TASK BRIEF = Return only the lines of the data below from the line with "Spring ahead with" up to and including the line with "doppelseitig, mit feinen", exactly as written, with the pictures omitted.

INPUT DATA =
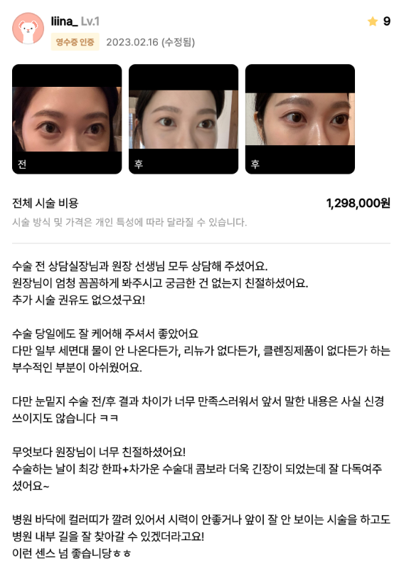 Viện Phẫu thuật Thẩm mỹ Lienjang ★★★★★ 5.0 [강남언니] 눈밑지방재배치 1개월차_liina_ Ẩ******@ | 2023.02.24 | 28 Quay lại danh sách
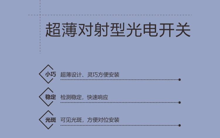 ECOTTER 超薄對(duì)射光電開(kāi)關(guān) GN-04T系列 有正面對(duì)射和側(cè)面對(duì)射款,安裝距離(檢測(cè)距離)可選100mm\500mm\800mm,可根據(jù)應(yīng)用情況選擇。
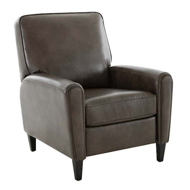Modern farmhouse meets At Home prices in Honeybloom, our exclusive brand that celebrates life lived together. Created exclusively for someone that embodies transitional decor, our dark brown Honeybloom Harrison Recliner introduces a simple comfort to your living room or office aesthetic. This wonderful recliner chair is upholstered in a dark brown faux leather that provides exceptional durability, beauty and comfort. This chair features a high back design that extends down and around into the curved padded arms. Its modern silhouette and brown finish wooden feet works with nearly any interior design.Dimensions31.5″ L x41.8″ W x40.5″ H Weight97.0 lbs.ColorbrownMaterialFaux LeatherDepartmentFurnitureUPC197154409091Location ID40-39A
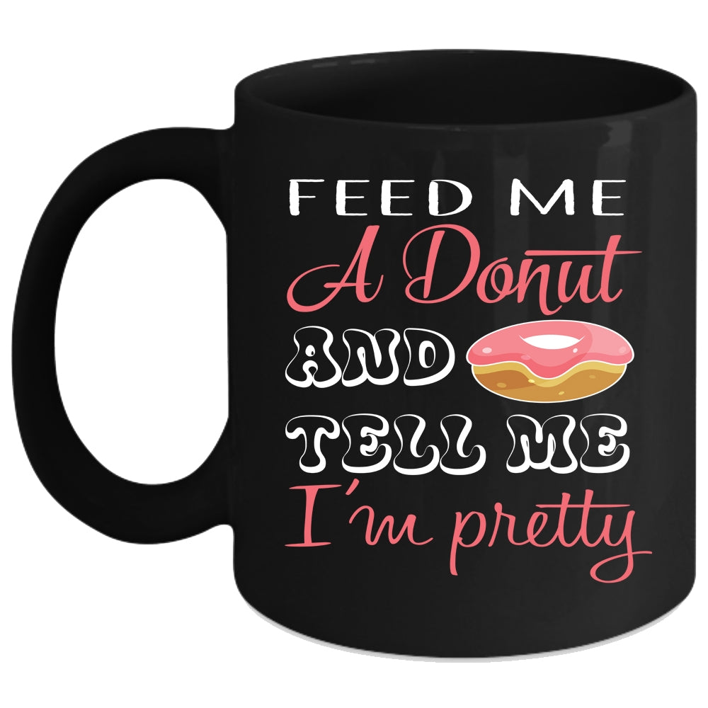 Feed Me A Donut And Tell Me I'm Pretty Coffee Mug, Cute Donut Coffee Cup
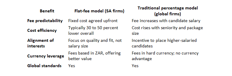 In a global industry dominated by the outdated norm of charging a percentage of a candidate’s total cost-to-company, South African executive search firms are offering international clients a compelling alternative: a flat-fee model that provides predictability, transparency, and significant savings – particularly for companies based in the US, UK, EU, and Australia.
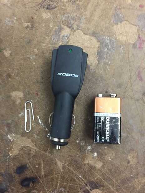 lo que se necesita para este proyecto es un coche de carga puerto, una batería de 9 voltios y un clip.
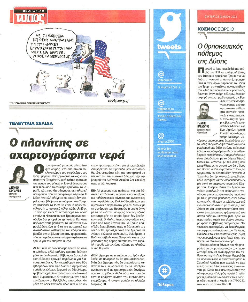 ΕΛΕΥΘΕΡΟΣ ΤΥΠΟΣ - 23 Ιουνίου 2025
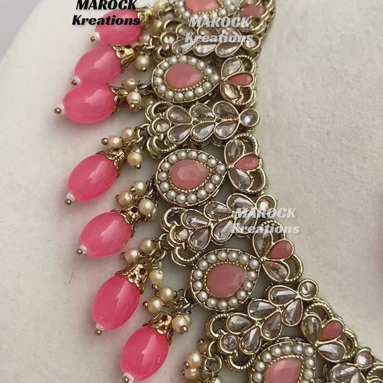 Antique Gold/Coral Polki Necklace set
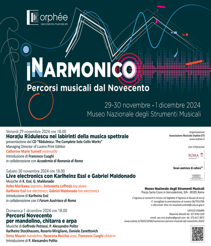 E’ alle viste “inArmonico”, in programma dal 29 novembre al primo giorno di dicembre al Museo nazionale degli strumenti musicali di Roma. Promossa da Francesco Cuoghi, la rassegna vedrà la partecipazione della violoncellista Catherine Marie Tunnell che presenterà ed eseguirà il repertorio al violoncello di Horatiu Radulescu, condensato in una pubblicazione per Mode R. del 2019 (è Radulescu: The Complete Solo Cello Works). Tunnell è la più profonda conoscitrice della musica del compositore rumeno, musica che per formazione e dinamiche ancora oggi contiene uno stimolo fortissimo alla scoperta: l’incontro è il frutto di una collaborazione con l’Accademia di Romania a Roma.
==
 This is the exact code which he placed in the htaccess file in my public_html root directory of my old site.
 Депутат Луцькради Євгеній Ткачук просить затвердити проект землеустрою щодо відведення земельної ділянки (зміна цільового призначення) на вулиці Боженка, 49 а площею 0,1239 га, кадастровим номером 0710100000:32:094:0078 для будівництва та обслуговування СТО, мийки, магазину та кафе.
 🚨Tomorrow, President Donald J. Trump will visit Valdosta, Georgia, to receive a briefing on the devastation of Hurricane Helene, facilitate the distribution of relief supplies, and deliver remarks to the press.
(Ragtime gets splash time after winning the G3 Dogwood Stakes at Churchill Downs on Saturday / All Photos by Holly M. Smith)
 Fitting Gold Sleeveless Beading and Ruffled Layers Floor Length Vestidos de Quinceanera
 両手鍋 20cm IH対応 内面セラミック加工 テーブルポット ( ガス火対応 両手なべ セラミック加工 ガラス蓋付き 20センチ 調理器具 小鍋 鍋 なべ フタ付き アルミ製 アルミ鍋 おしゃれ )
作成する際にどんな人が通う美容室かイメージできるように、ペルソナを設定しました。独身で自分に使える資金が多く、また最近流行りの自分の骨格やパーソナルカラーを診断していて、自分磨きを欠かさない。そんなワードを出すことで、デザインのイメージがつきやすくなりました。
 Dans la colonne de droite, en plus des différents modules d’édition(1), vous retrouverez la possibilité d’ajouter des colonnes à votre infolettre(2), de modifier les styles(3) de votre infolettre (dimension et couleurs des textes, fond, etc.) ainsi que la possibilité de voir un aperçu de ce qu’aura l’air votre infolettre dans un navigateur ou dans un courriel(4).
--
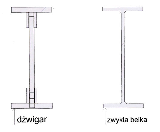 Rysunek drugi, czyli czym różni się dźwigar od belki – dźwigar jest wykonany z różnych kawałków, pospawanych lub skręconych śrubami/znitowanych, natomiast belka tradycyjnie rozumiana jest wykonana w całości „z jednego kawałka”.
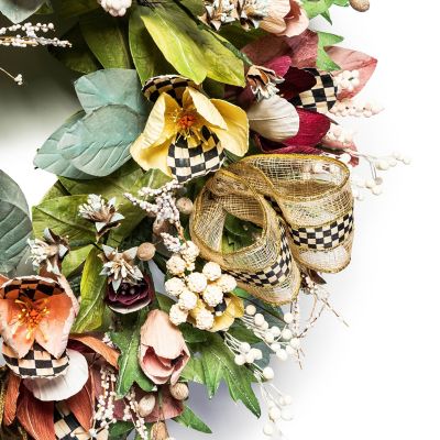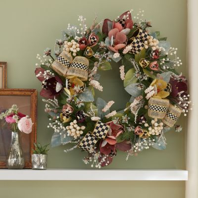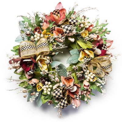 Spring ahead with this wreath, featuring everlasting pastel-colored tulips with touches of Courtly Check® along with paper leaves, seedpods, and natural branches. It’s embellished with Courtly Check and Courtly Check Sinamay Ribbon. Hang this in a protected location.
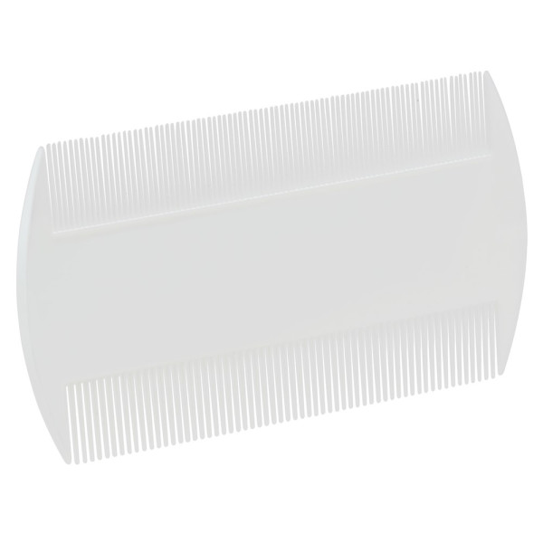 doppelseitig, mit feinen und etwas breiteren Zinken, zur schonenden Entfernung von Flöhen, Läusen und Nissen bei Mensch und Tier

OUTPUT FOR THIS TASK =
 Spring ahead with this wreath, featuring everlasting pastel-colored tulips with touches of Courtly Check® along with paper leaves, seedpods, and natural branches. It’s embellished with Courtly Check and Courtly Check Sinamay Ribbon. Hang this in a protected location.
 doppelseitig, mit feinen und etwas breiteren Zinken, zur schonenden Entfernung von Flöhen, Läusen und Nissen bei Mensch und Tier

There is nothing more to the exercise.